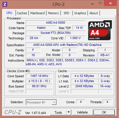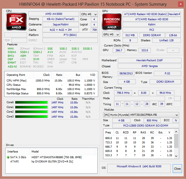 Hewlett Packard verbaut im Pavilion die AMD A4-5000 APU. Sie entstammt der aktuellen Kabini Generation. Wie alle aktuellen AMD APUs basieren auch die Kabini APUs auf AMDs Jaguar Architektur. Bei dem CPU-Teil der APU handelt es sich um einen Vierkernprozessor, der mit einer Geschwindigkeit von 1,5 GHz arbeitet. Ein Turbo existiert nicht. AMD gibt für die APU eine TDP von 15 Watt an. Mehr Informationen und viele Benchmark-Resultate finden sich in dem Bericht über unseren Kurztest der A4-5000 APU.
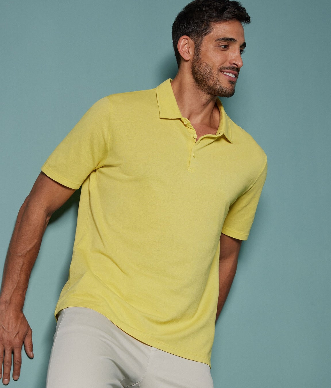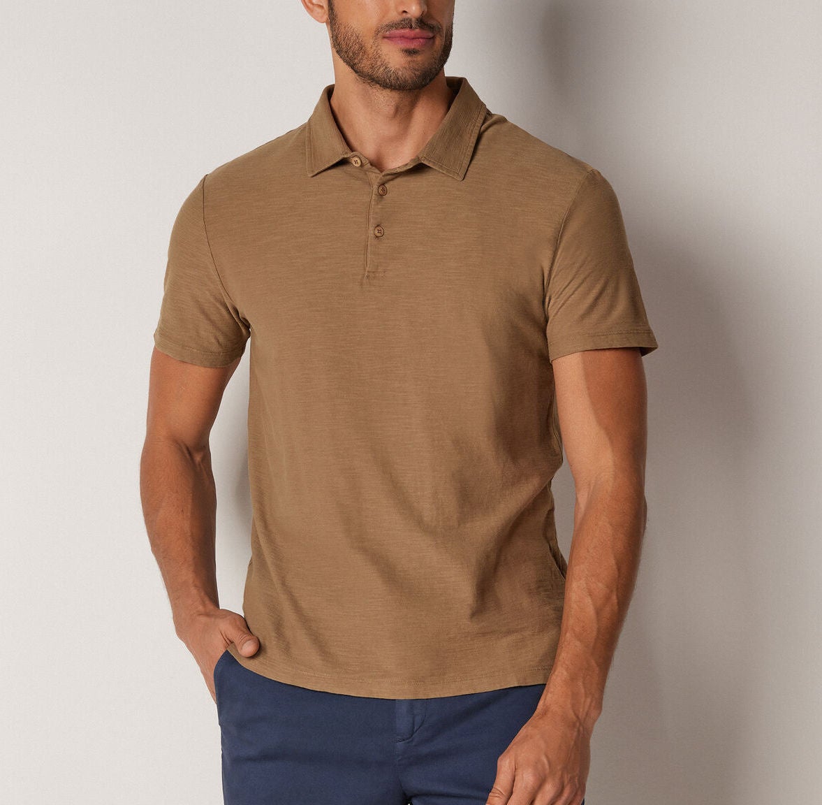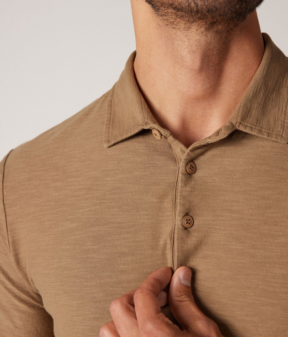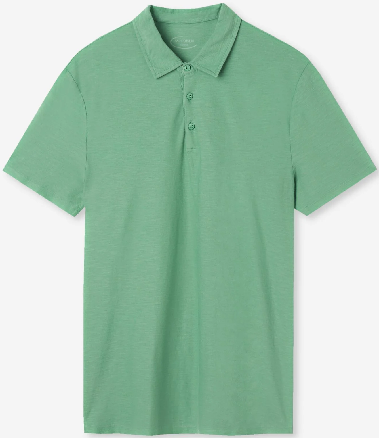 超軽量なマルフィレコットンのピケジャージー素材を使用した3つボタンの半袖ポロシャツ。カシミヤセーターで行っている後染めと同様に、コットン素材に施した特殊なツイスト加工が、不均一でムラのある染色効果を与え、コットンの風合いにヴィンテージ感を醸し出します。
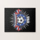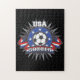Patriotisk USA fotboll utrustar med fotbollboll centrerar in med USA övretext och lägre fotbolltext på läst vit- och blåttbaner!
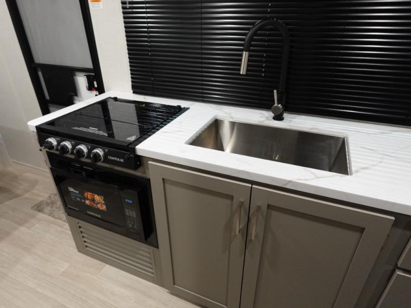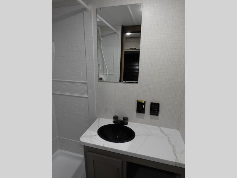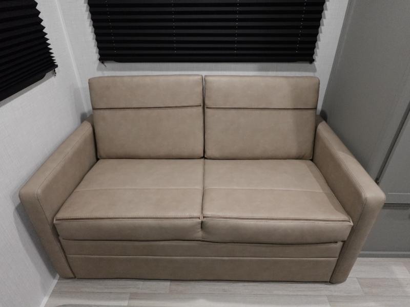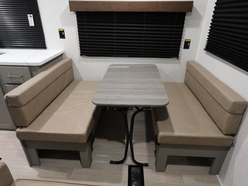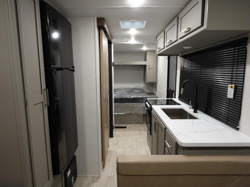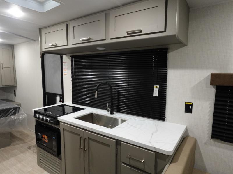 This is the perfect starter travel trailer since it includes everything you need while you're away from home. You'll enjoy the queen bed up front with underbed storage and nightstands for your things, plus a full bath on board so you won't have to use the camp's facilities. This model includes a cooktop that will allow you to cook meals each day, and there is a pantry and a 10 cu. ft. 12V refrigerator for food storage! A booth dinette in the back provides a place to dine and the sofa will be perfect to relax on after a day outdoors. And these pieces of furniture can double as your guests sleeping space at night!

WHAT THE TASK REQUIRES:
Transcribe only these lines, exactly: the first line of the listing, every line after it, and the line with "Patriotisk USA fotboll", where the copy ends. Include no picture.

EXPECTED ANSWER:
 Hewlett Packard verbaut im Pavilion die AMD A4-5000 APU. Sie entstammt der aktuellen Kabini Generation. Wie alle aktuellen AMD APUs basieren auch die Kabini APUs auf AMDs Jaguar Architektur. Bei dem CPU-Teil der APU handelt es sich um einen Vierkernprozessor, der mit einer Geschwindigkeit von 1,5 GHz arbeitet. Ein Turbo existiert nicht. AMD gibt für die APU eine TDP von 15 Watt an. Mehr Informationen und viele Benchmark-Resultate finden sich in dem Bericht über unseren Kurztest der A4-5000 APU.
 超軽量なマルフィレコットンのピケジャージー素材を使用した3つボタンの半袖ポロシャツ。カシミヤセーターで行っている後染めと同様に、コットン素材に施した特殊なツイスト加工が、不均一でムラのある染色効果を与え、コットンの風合いにヴィンテージ感を醸し出します。
Patriotisk USA fotboll utrustar med fotbollboll centrerar in med USA övretext och lägre fotbolltext på läst vit- och blåttbaner!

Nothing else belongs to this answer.